- Born: 1968 (age 57–58) Lexington, Kentucky, United States
- Education: University of Illinois Chicago
- Occupation: Public relations executive
- Known for: Co-founder of Avoq
- Title: Managing Partner of Avoq
- Spouse: Marla Sedler
- Children: 2
- Parent(s): Robert Sedler, Rozanne Sedler

= Eric Sedler =

American public relations executive and political strategist

Eric Sedler (born 1968) is an American public relations executive and political strategist based in Chicago.

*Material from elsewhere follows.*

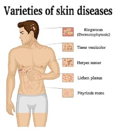 Skin yeast infections include tinea, ringworm, athlete’s foot, jock itch, dandruff, unexplained rashes and skin yeast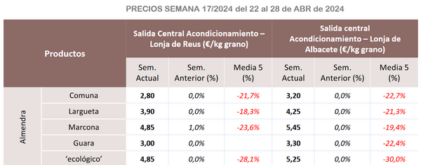 The prices corresponding to week 17 of 2024 shared by MAPA, based on data from the markets of Reus and Albacete, reveal that all varieties have, in fact, recorded price drops. In most cases, these exceed 20% compared to the average of the last 5 years. For organic almonds, prices have dropped by up to 30%.

He is a co-founder and managing partner of Avoq, a national advocacy and strategic communications firm formed in 2024. He previously served as the founder and CEO of Kivvit.

== Early life and education ==
Sedler was born in 1968 and raised in suburban Detroit, Michigan. He graduated from the University of Illinois Chicago.

His father, Robert Sedler, was a professor of constitutional law at Wayne State University Law School. His mother, Rozanne Sedler, was a social worker.

== Career ==
=== Early career ===
Before entering the private sector, Sedler spent nearly a decade in government and politics working for government officials and candidates including US Senators and on the staff of the Illinois House Democratic leadership.

=== ASGK and Kivvit ===
In 2002, Sedler co-founded ASGK Public Strategies alongside political strategist David Axelrod.

In 2009, following Axelrod's appointment as Senior Advisor to then US President Barack Obama, Sedler and partner John Kupper purchased Axelrod’s share of the firm.

In 2015, ASGK Public Strategies merged with its subsidiary, M Public Affairs, to form Kivvit.

In 2023, Kivvit was acquired by the private equity firm Coral Tree Partners.

=== Avoq ===
In early 2024, Kivvit merged with the agency Subject Matter, which was also owned by Coral Tree Partners, to form Avoq. Avoq is an integrated communications and government relations firm with offices in Chicago, Los Angeles, New Jersey, New York and Washington DC. Sedler currently serves as a Managing Partner at Avoq, focusing on strategic communications, crisis management, and public affairs for corporate and non-profit clients.

== Board and Governance ==
In 2024, Sedler was appointed to the board of directors of World Business Chicago, the city's public-private economic development agency. During a leadership transition in early 2024, he also served as the agency’s interim CEO.

He also serves on the board of the Jewish United Fund of Chicago.

== Personal life ==
Sedler resides in Chicago with his wife, Marla. They have two adult children.